**Goal of the exercise**
Below are some entries. Transcribe the lines from the one holding "從雙湖縣出發(fā)的車隊行駛在前往森布日安置點的道路上(7月19日攝,無人機照片)。新華社記者 孫非 攝" to the one holding "Dal pavimento effetto", inclusive, but not the pictures among them.

**Given data**

—————

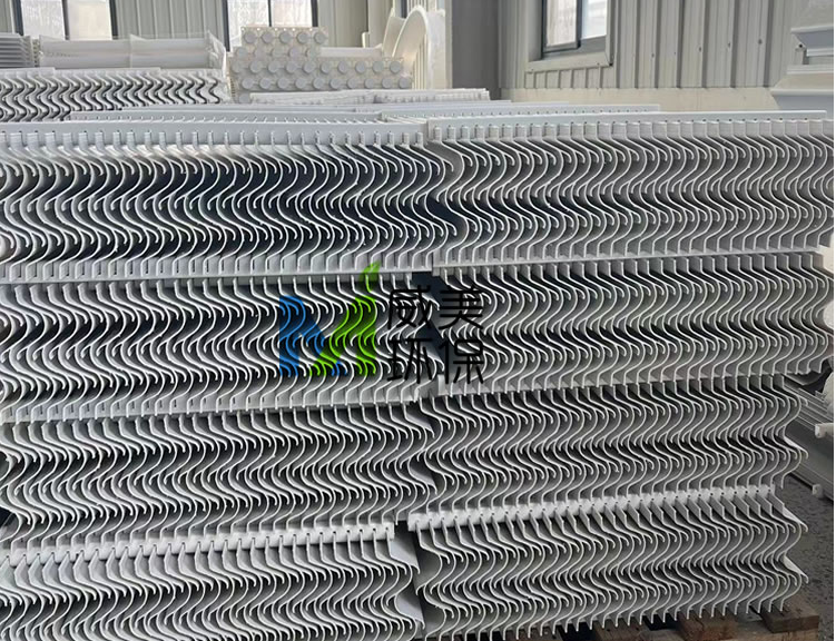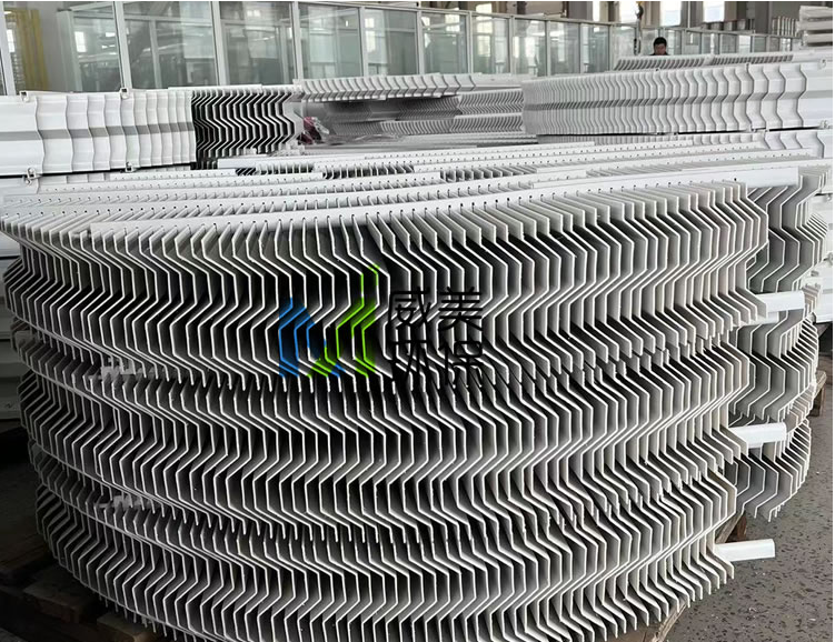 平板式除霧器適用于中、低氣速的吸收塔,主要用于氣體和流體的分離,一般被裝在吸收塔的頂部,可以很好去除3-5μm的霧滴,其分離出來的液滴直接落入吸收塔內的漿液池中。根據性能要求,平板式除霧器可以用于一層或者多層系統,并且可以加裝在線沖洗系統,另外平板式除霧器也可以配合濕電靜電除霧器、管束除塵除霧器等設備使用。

—————

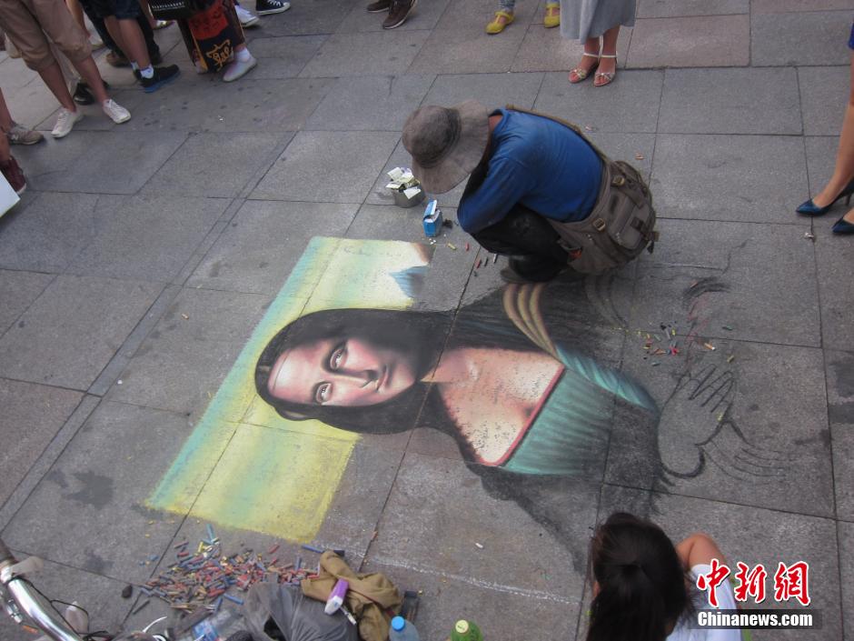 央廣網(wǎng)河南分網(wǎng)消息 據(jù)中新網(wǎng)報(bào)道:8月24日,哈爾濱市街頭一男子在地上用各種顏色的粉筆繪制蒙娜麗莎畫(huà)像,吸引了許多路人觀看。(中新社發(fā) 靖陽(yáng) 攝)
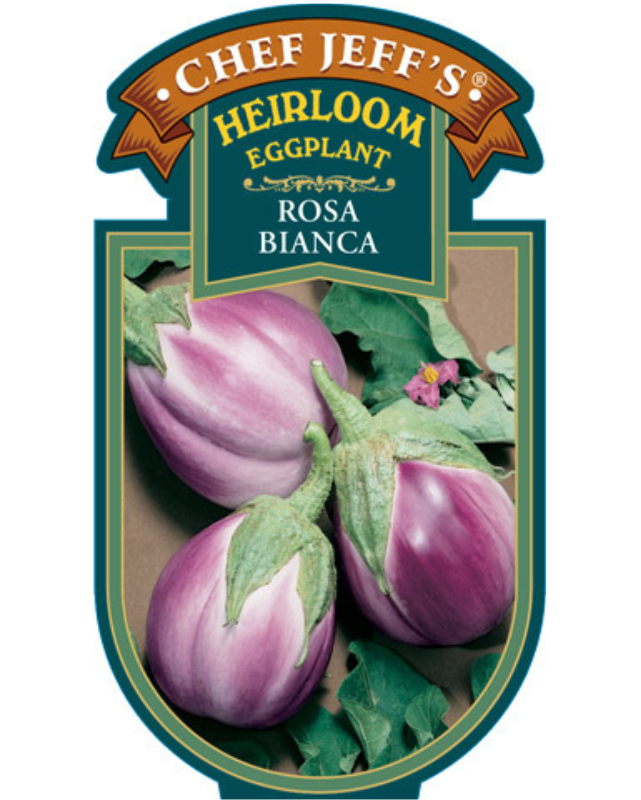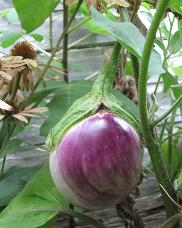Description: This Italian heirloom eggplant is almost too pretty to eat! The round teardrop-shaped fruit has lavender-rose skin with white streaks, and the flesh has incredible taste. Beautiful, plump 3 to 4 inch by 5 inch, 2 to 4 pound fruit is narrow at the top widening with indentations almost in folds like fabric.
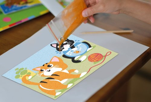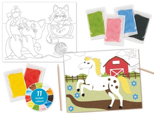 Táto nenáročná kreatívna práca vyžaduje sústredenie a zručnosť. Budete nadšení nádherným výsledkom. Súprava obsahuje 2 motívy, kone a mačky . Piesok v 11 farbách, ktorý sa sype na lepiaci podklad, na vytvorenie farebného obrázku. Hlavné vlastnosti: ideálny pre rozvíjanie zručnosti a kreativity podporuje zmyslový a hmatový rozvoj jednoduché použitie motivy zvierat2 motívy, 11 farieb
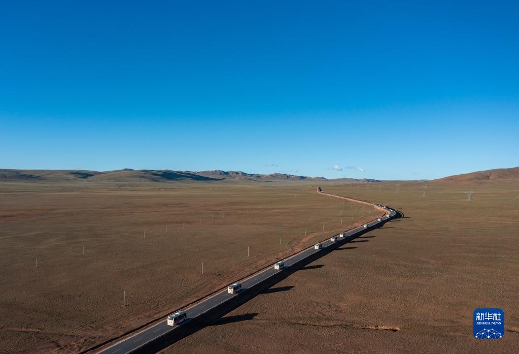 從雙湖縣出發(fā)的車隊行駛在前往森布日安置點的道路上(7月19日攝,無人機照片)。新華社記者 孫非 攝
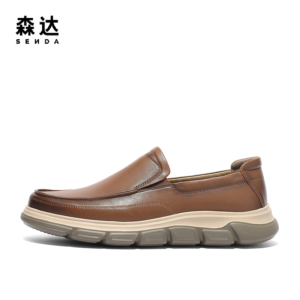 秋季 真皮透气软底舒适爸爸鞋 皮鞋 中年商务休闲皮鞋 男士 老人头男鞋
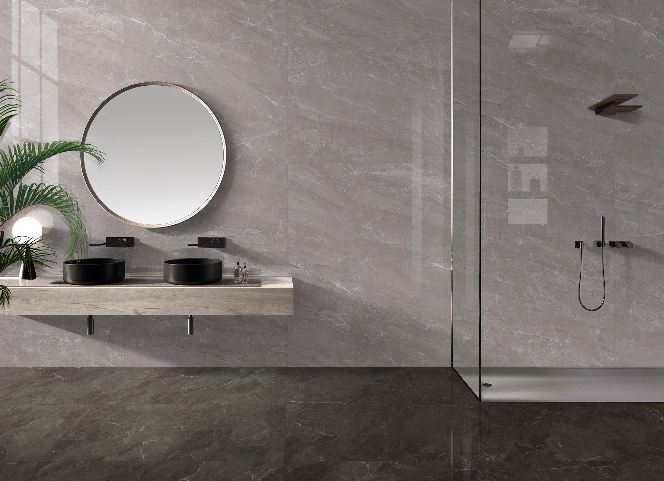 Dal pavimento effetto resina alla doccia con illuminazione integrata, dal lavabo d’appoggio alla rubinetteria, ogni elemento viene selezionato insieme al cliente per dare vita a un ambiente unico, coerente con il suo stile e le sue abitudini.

—————

**Exercise result**
 從雙湖縣出發(fā)的車隊行駛在前往森布日安置點的道路上(7月19日攝,無人機照片)。新華社記者 孫非 攝
 秋季 真皮透气软底舒适爸爸鞋 皮鞋 中年商务休闲皮鞋 男士 老人头男鞋
 Dal pavimento effetto resina alla doccia con illuminazione integrata, dal lavabo d’appoggio alla rubinetteria, ogni elemento viene selezionato insieme al cliente per dare vita a un ambiente unico, coerente con il suo stile e le sue abitudini.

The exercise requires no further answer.